A named property or characteristic of an entity that is of interest to an organization, ​Different Attribute Types​,

1. Composite Vs. Simple Attributes: an example for composite would be Name= First name + last name. Where as in simple one, name would be equal to first name.
2. Single-valued Vs. Multi-valued Attributes​: an example for this would be an email id, if it is single valued then it can only store one email id per key, where as in multi valued it could store N number of email id per key,
3. Derived attributes: ​ an example for this would be storing date of birth, and calculating age from it.
4. Key attributes :Covered below.

5.Relationships:

A relationship describes how entities interact. ​ Degree of a relationship is the number of entity types that participate in it​, Types of degree’s of a relationship,

1. Unary Relationship​: One entity related to another of the same entity type​
2. Binary Relationship​: Entities of two different types related to each other​
3. Ternary Relationship​: Entities of three different types related to each other​

1.Cardinalities of Relationships

I try to use a verb to connect two entities. For example,

1. A student can attend many classes, one class can be attended by many students.
2. A driver can own many cars, but a car cannot be owned by many drivers.

Types of relationships,

1. One to One relationship: one element in set A to one element in set B
2. One to Many relationship: one element in set A to many elements in set B
3. Many to One relationship: many elements in set A to one element in set B
4. Many to many relationship: many elements in set A to many elements in set B

2.Cardinality constraints

I try to use a use case to form a constraint between two entities. For example,

1. A student must attend at least one class, one class can be attended by many students.
2. A driver can own at a least car, but a car cannot be owned by many drivers.
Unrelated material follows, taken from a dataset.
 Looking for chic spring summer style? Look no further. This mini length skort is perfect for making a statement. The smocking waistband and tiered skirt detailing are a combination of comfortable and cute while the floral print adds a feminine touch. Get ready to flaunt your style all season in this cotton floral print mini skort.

Types of cardinality constraints,

1. Mandatory one: At least one element
2. Mandatory many: At least more than one
3. Optional one: one or zero
4. Optional many: zero or more than one

6.Identifier (Key)​:

A key is an attribute or a combination of attributes that is used to identify records. ​

Sometimes we might have to retrieve data from more than one table, in those cases we require to join tables with the help of keys.​ The purpose of the key is to bind data together across tables without repeating all of the data in every table. ​

1.Super Key: An attribute or a combination of attribute that is used to identify the records uniquely is known as Super Key. A table can have many Super Keys. ​

2.Candidate key: An attribute or a combination of attribute that identifies the record uniquely but none of its proper subsets can identify the records uniquely.​

In order to be eligible for a candidate key it must pass certain criteria:​

1. It must contain unique values​
2. It must not contain null values​
3. It contains the minimum number of fields to ensure uniqueness​
4. It must uniquely identify each record in the table​

3.Primary key: A Candidate Key that is used by the database designer for unique identification of each row in a table is known as Primary Key. A Primary Key can consist of one or more attributes of a table.​

 As with any candidate key the primary key must contain unique values, must never be null and uniquely identify each record in the table.  
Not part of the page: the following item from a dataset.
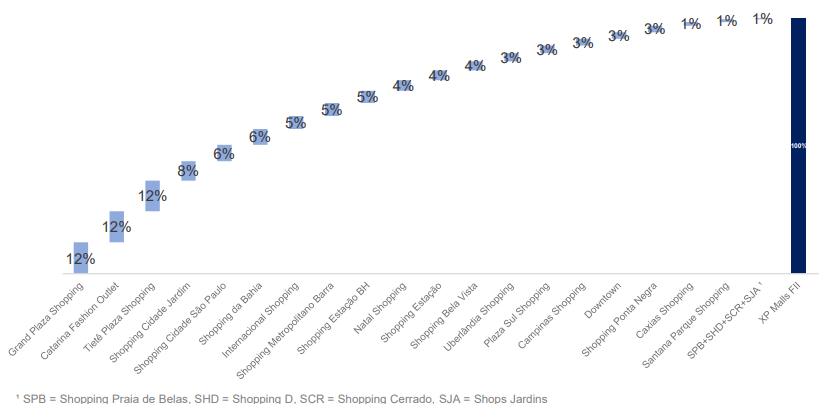 • Veja abaixo a carteira de um fundo de tijolo em shoppings.

4. Foreign Key: A foreign key is an attribute or combination of attribute in one base table that points to the candidate key (generally it is the primary key) of another table. ​

 The purpose of the foreign key is to ensure referential integrity of the data i.e. only values that are supposed to appear in the database are permitted​.

5.Composite Key: If we use multiple attributes to create a Primary Key then that Primary Key is called Composite Key (also called a Compound Key or Concatenated Key). 

6.Alternate Key: Alternate Key can be any of the Candidate Keys except for the Primary Key. ​

7.Secondary Key: The attributes that are not even the Super Key but can be still used for identification of records (not unique) are known as Secondary Key. ​

7.Integrity Constraints​

Integrity constraints are a set of rules. It is used to maintain the quality of information.​

Integrity constraints ensure that the data insertion, updating, and other processes have to be performed in such a way that data integrity is not affected.​ Thus, integrity constraint is used to guard against accidental damage to the database.​

​1.Entity Constraint​:

1. The entity integrity constraint states that primary key value can’t be null.​
2. This is because the primary key value is used to identify individual rows in relation and if the primary key has a null value, then we can’t identify those rows.​ ​

2.Domain Constraint​:

1. Domain constraints can be defined as the definition of a valid set of values for an attribute.​
2. The data type of domain includes string, character, integer, time, date, currency, etc. The value of the attribute must be available in the corresponding domain.​

3.Check Constraint​: A check constraint allows to state a minimum requirement for the value in a column.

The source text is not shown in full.